I've also disabled magnification to see if that was the problem, and no, it wasn't. Whenever I go into fullscreen mode, Mini vMac 3.4.1 jumps back out immediately. Both have the advantage of accessing real HFS volumes via USB ports, i.e. I've encountered a bug in the Macintosh II emulation on macOS Sierra. Mini vMac requires a ROM image file to run. It can run old Macintosh software that otherwise couldnt be used on recent machines. Basilisk II also offers similar features, but in my experience is much more difficult to set up, is quite a bit more buggy and hasn't been updated in quite a while. Mini vMac emulates a Macintosh Plus, one of the earliest of Macintosh computers. While Sheepshaver is buggy, it does allow more versatility than Mini vMac at the moment.

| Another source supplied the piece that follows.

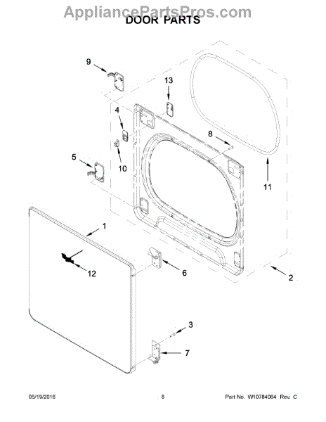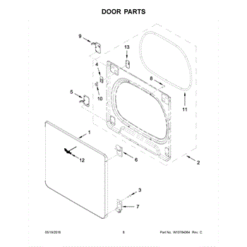 Complete dryer door assembly that installs on the front of your appliance. Replace if your door is cracked, broken, won't latch properly, or damaged.

#Command line for mini vmac archive
I also use it, running OS 8.1 to open HFS+ images created under Snow Leoapard, into which I have copied compressed archive files, and copy the contents to HFS images which I then use with Mini vMac: the hands down the best vintage Mac emulator out there. This is how I set it up and use it to transfer files between Snow Leopard and an real 128K: Sheepshaver is my Mac transition emulator of choice, to keep everything within a Mac-like environment. Just hope OS X 10.7 doesn't drop HFS read too following their historical pattern in dropping support of MFS with OS 7.6 & 8. It's nice to know that works for now, until Zydeco's solution works more universally to write to HFS images. (That is the command line version of the unarchiver). Indeed not very Mac-like, but I've never had a problem with cmd-line interfaces as long as I have the commands and especially the step-by-step instructions in front of me. Thread starter TarableCode Start date Views 58,595 Replies 218.